▶ _Entries provided_

Start of Block

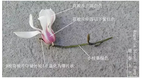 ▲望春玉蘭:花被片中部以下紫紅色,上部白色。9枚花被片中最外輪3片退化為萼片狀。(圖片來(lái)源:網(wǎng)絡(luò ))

End of Block
Start of Block

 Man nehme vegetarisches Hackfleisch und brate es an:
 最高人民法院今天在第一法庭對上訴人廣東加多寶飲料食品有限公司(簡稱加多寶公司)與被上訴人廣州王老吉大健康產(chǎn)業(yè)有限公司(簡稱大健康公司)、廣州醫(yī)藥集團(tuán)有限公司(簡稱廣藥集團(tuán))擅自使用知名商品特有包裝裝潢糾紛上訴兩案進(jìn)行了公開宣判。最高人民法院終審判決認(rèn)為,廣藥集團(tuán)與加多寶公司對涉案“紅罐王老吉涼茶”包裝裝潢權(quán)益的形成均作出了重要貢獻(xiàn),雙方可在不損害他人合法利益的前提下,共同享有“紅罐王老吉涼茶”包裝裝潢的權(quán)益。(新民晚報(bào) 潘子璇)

End of Block
Start of Block

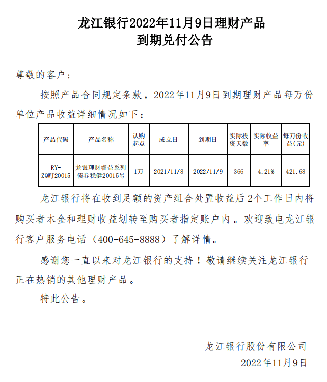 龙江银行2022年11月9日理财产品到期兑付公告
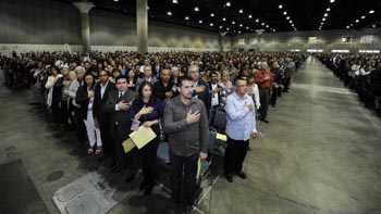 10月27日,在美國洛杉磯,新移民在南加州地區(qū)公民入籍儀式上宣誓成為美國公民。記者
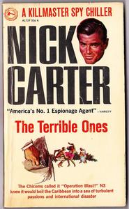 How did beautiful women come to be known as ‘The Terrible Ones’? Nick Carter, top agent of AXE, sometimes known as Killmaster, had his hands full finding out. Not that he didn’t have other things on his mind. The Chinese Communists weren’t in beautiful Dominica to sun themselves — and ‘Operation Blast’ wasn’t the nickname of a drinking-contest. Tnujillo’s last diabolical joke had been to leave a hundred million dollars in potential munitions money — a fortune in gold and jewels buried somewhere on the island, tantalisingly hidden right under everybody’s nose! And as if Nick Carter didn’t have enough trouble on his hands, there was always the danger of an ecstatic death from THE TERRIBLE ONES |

End of Block

▶ _Problem to work on_
In the data above, find the line containing "龙江银行2022年11月9日理财产品到期兑付公告" and the line containing "10月27日,在美國洛杉磯,新移民在南加". Repeat those two lines and everything between them exactly, minus the pictures.

▶ _Completed exercise_
 龙江银行2022年11月9日理财产品到期兑付公告
 10月27日,在美國洛杉磯,新移民在南加州地區(qū)公民入籍儀式上宣誓成為美國公民。記者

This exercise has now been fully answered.